Kasih hanya dapat dibuktikan melalui tindakan-tindakannya yang nyata. Kasih Allah terlihat pada penyerahan Anak-Nya (1 Yohanes 4:9,10). Tetapi sesungguhnya ini adalah bukan kasih yang memuaskan diri sendiri, atau rasa cinta, itulah, kasih tidak dihasilkan dari tujuan-tujuannya yang sempurna (Roma 5:8). Kasih adalah sebuah tindakan dari kehendak ilahi dalam pilihan yang dipertimbangkan, yang dibuat tanpa pamrih, keselamatan yang berdasarkan pada pada sifat alamiah Allah sendiri.

Kasih merupakan ekspresi sempurna di antara manusia di dalam Tuhan Yesus Kristus (2 Korintus 5:14, Efesus 2:4; 3:19;5:2, Kasih seorang Kristen merupakan buah dari Roh (Galatia 5:22). Kasih seorang Kristen memiliki Tuhan sebagai tujuan utama, yang dinyatakan terutama sebagai bentuk ketaatan pada perintah-perintah-Nya (Yohanes 14:15,21,23;15:10, 1 Yohanes 2:5;5;3, 2 Yoh 6). Kehendak pribadi, yang menyenangkan diri sendiri, adalah bukan (penyangkalan) kasih kepada Allah

Kasih seorang Kristen, baik kepada saudara seiman, atau kepada orang lain, adalah bukan merupakan dorongan dari perasaan, kasih tidak selalu dilakukan dengan kehendak(kecenderungan) alami, tidak juga dinyatakan atas mereka yang ditemukan memiliki pertalian/hubungan. Kasih mencari kesejahteraan bersama (Roma 15:2), dan tidak saling menyakiti (Roma 13:8-10). Kasih mencari kesempatan berbuat baik untuk sesama, dan terutama kepada sesama saudara seiman (Galatia 6:10). Lihat kebih lanjut di 1 Kor13 dan Kolose 3:12-14.
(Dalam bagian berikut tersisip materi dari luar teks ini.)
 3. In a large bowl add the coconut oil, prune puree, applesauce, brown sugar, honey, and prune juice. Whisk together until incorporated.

Terkait dengan agapao yang digunakan Allah, kasih menyatakan cinta yang kekal dan dalam, menekankan kesempurnaan. Menjadi yang sepenuhnya tidak berlayak, menghasilkan dan mengembangkan “kasih” yang menghormati kepada sang Pemberi dan kasih nyata kepada mereka.

Berdasarkan pengertian di atas, maka dapat diterjemahkan bahwa sesungguhnya αγαπαω adalah sifat alamiah Allah sendiri karena Allah itu adalah kasih (Theos agape estin) I Yohanes 4:8. Hal yang sama pula bahwa kasih agape ini yang diperintahkan kepada suami untuk mengasihi istrinya. Dengan kata lain, kasih suami kepada istri kualitasnya sama seperti kasih Allah kepada jemaat-Nya

Sehubungan dengan itu, maka sebagai indikasi yang nyata bahwa suami άγαπᾶτε (agape) kepada istrinya adalah ia tidak berbuat kasar kepada istrinya. Kata kasar dalam bahasa Yunani adalah (pikrainesthe) artinya menjadikan pahit, bersikap membenci, berlaku kasar.
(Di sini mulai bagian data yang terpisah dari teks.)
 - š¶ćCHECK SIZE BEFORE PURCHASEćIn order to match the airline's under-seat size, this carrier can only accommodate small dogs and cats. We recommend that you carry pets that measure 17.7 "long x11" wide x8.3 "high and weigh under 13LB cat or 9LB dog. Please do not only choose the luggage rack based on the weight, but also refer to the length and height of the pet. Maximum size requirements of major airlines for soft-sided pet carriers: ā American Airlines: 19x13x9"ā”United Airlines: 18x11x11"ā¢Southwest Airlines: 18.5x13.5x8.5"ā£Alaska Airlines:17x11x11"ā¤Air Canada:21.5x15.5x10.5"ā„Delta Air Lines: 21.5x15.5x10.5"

Kasar juga dapat terjemahkan sebagai kekerasan. Baik kekerasan fisik, psikis, seksual, maupun ekonomi (penelantaran). Tidak berbuat kasar dalam hal ini berlaku secara holistik, yakni dalam hati, pikiran, perkataan, sikap dan dalam perbuatan.

Hal ini Paulus tegaskan mengingat hukum dan budaya pada zaman itu yang tidak menghargai perempuan dan memperlakukan mereka sesuka hati suami atau laki-laki. Oleh karena itu, Paulus menasihatkan para suami agar jangan berlaku kasar kepada istri. Karena dengan merendahkan, menghina, memperbudak, menceraikan dan tidak setia kepada istrinya hal itu sama artinya dengan perbuatan kasar dan tidak mengasihi istrinya.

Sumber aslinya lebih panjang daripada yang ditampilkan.